* [Task]: From first line to last, copy the listing exactly and omit its pictures.

* [Information shown]:
***

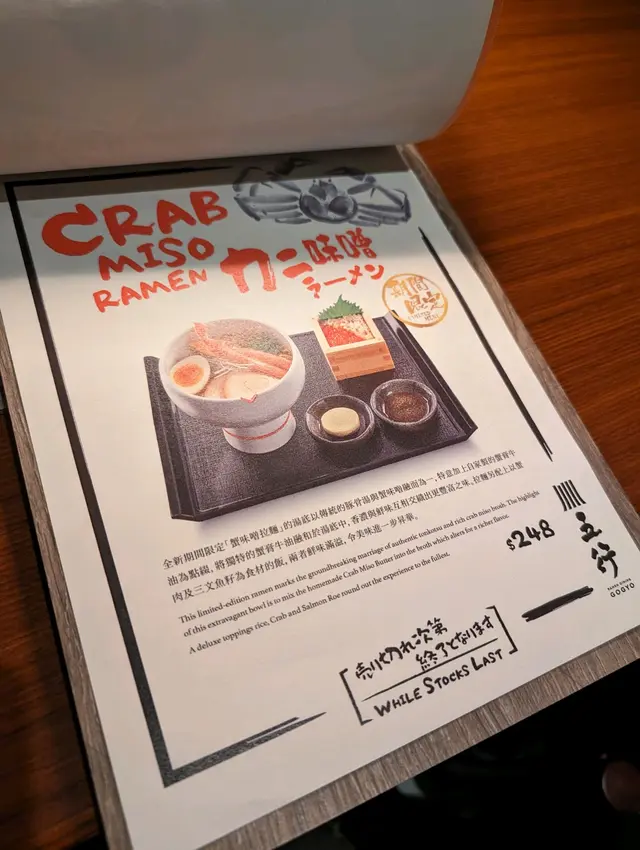🤩店員推介期間限定的蟹味噌拉麵,豚骨湯底加入濃濃秘製蟹味噌,加入長蟹棒和香嫩卷腩叉燒,還有最愛的半熟流心玉子,而拉麵口感比較有彈性👍🏻此外,當中的蟹膏牛油非常出色,可加入拉麵湯中顯出其濃厚鮮味😍,蟹棒可沾上GOGYO特調的蟹醋,淡淡酸味提升了蟹的鮮甜🫶🏻
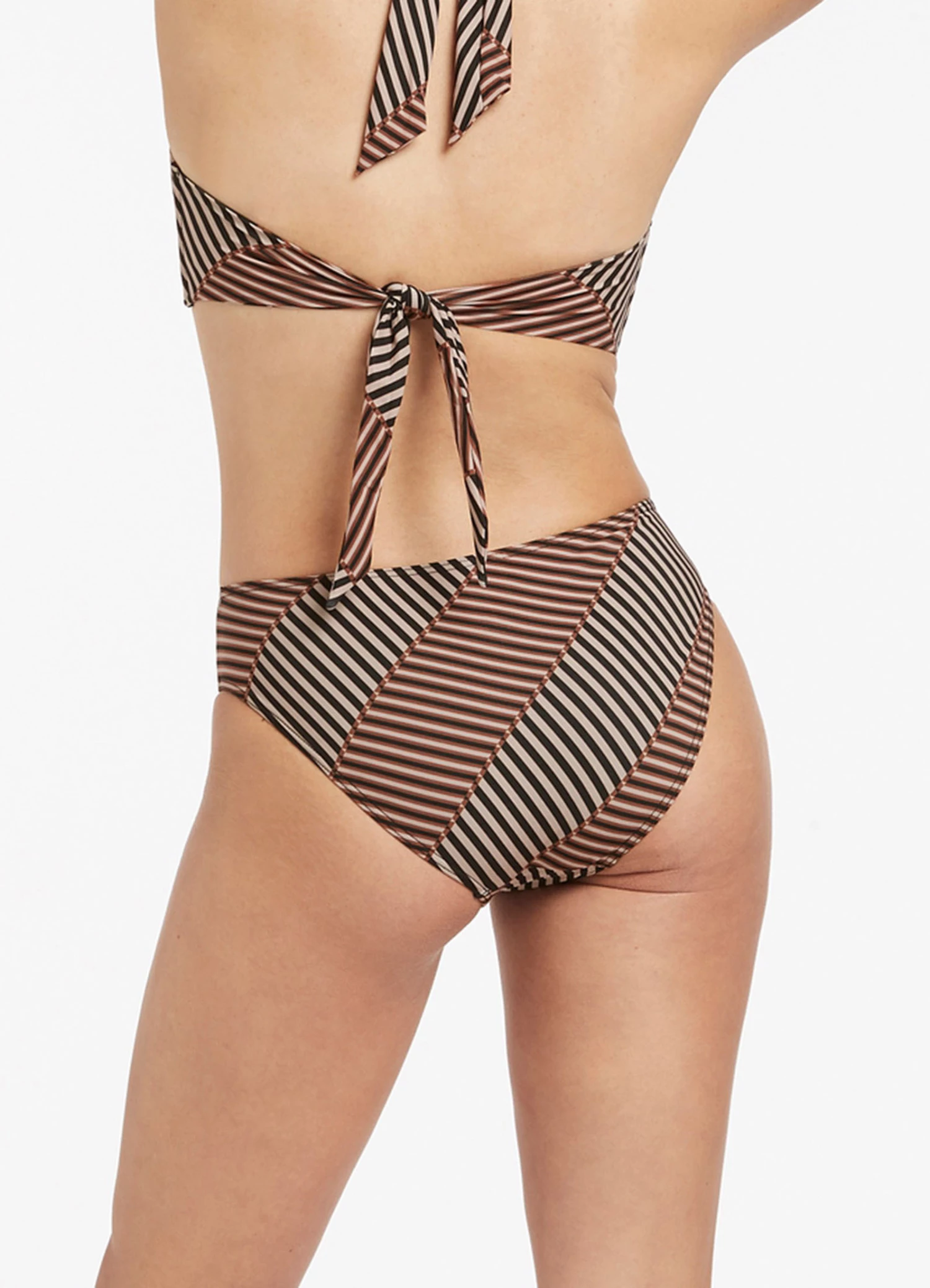 The Raya U Trim Mid Bikini Bottom combines mid rise styling with a contemporary design. The gold look side detailing elevates the bikini bottom to form a flattering mid rise style perfect for warm weather days.
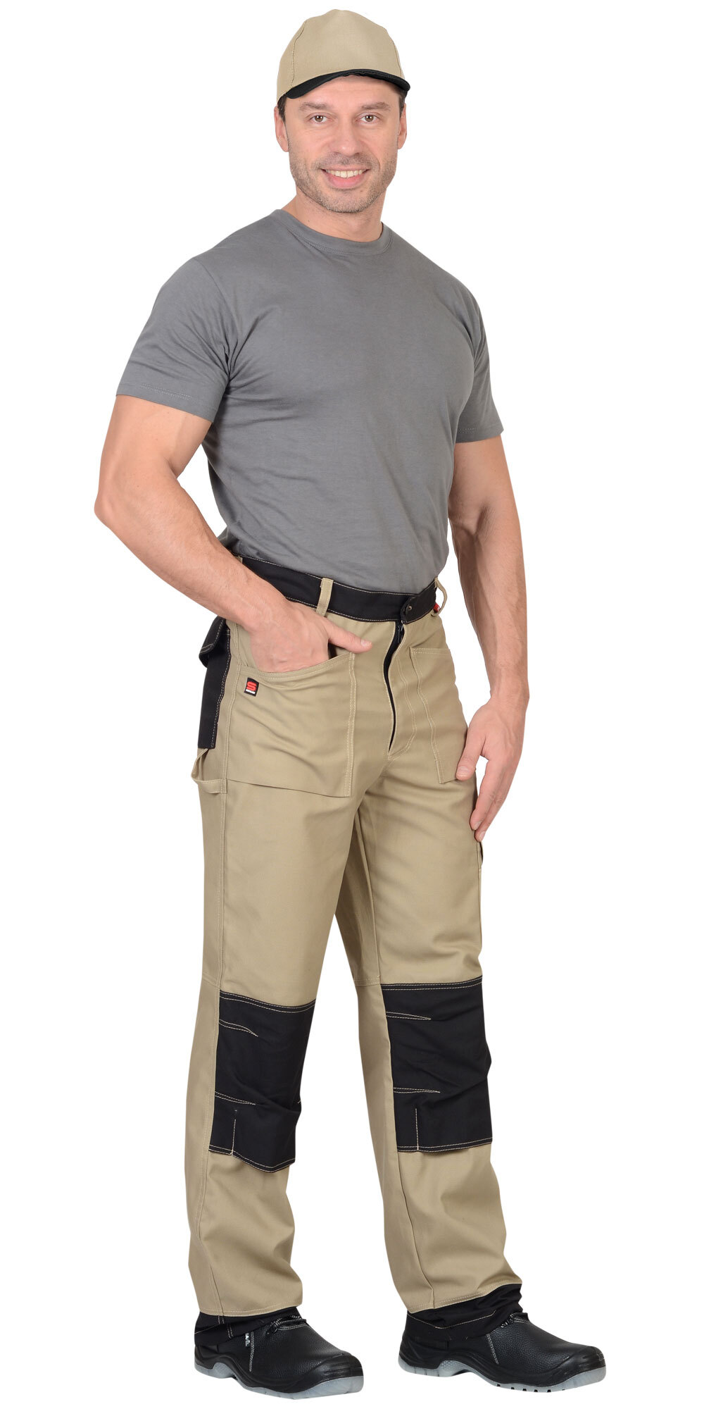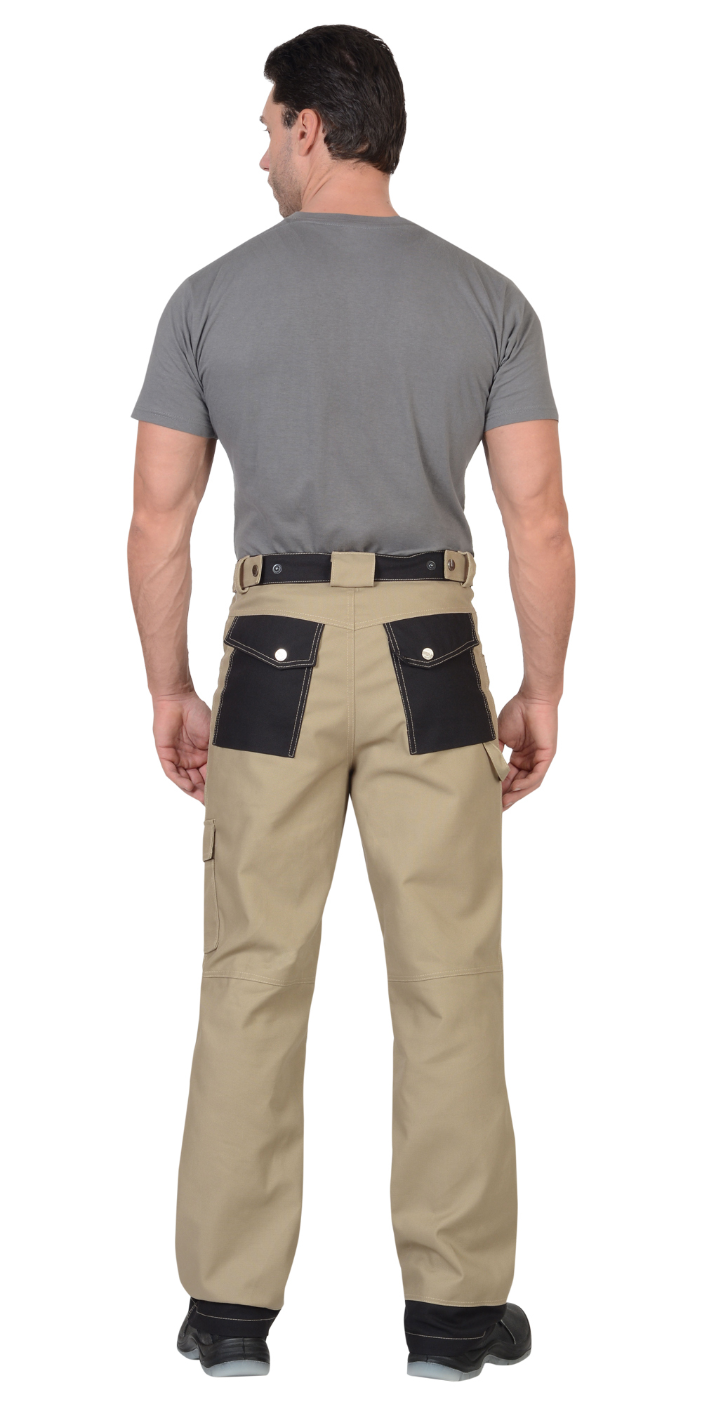 Брюки с притачным поясом, застегивающимся на джинсовую пуговицу и с регулировкой ширины пояса при помощи пат и кнопок, с накладными карманами и объемными наколенниками с возможностью вставить в них объемные щитки
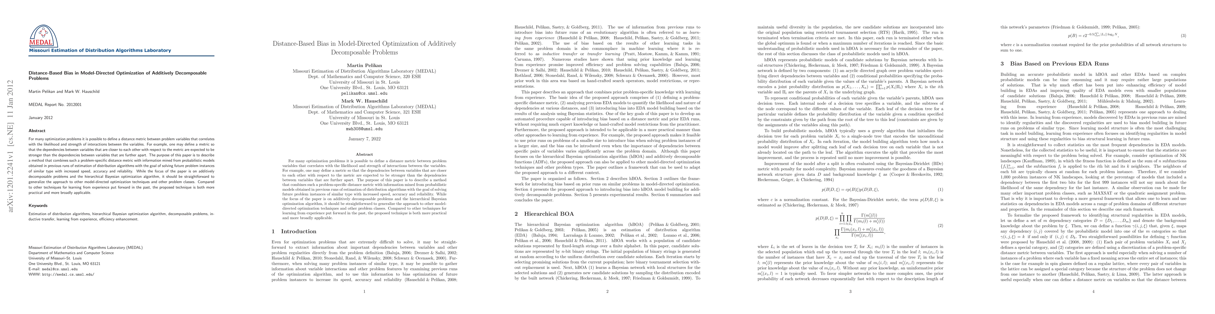 For many optimization problems it is possible to define a distance metric between problem variables that correlates with the likelihood and strength of interactions between the variables. For example, one may define a metric so that the dependencies between variables that are closer to each other with respect to the metric are expected to be stronger than the dependencies between variables that are further apart. The purpose of this paper is to describe a method that combines such a problem-specific distance metric with information mined from probabilistic models obtained in previous runs of estimation of distribution algorithms with the goal of solving future problem instances of similar type with increased speed, accuracy and reliability. While the focus of the paper is on additively decomposable problems and the hierarchical Bayesian optimization algorithm, it should be straightforward to generalize the approach to other model-directed optimization techniques and other problem classes. Compared to other techniques for learning from experience put forward in the past, the proposed technique is both more practical and more broadly applicable.

***

* [Exercise solution]:
🤩店員推介期間限定的蟹味噌拉麵,豚骨湯底加入濃濃秘製蟹味噌,加入長蟹棒和香嫩卷腩叉燒,還有最愛的半熟流心玉子,而拉麵口感比較有彈性👍🏻此外,當中的蟹膏牛油非常出色,可加入拉麵湯中顯出其濃厚鮮味😍,蟹棒可沾上GOGYO特調的蟹醋,淡淡酸味提升了蟹的鮮甜🫶🏻
 The Raya U Trim Mid Bikini Bottom combines mid rise styling with a contemporary design. The gold look side detailing elevates the bikini bottom to form a flattering mid rise style perfect for warm weather days.
 Брюки с притачным поясом, застегивающимся на джинсовую пуговицу и с регулировкой ширины пояса при помощи пат и кнопок, с накладными карманами и объемными наколенниками с возможностью вставить в них объемные щитки
 For many optimization problems it is possible to define a distance metric between problem variables that correlates with the likelihood and strength of interactions between the variables. For example, one may define a metric so that the dependencies between variables that are closer to each other with respect to the metric are expected to be stronger than the dependencies between variables that are further apart. The purpose of this paper is to describe a method that combines such a problem-specific distance metric with information mined from probabilistic models obtained in previous runs of estimation of distribution algorithms with the goal of solving future problem instances of similar type with increased speed, accuracy and reliability. While the focus of the paper is on additively decomposable problems and the hierarchical Bayesian optimization algorithm, it should be straightforward to generalize the approach to other model-directed optimization techniques and other problem classes. Compared to other techniques for learning from experience put forward in the past, the proposed technique is both more practical and more broadly applicable.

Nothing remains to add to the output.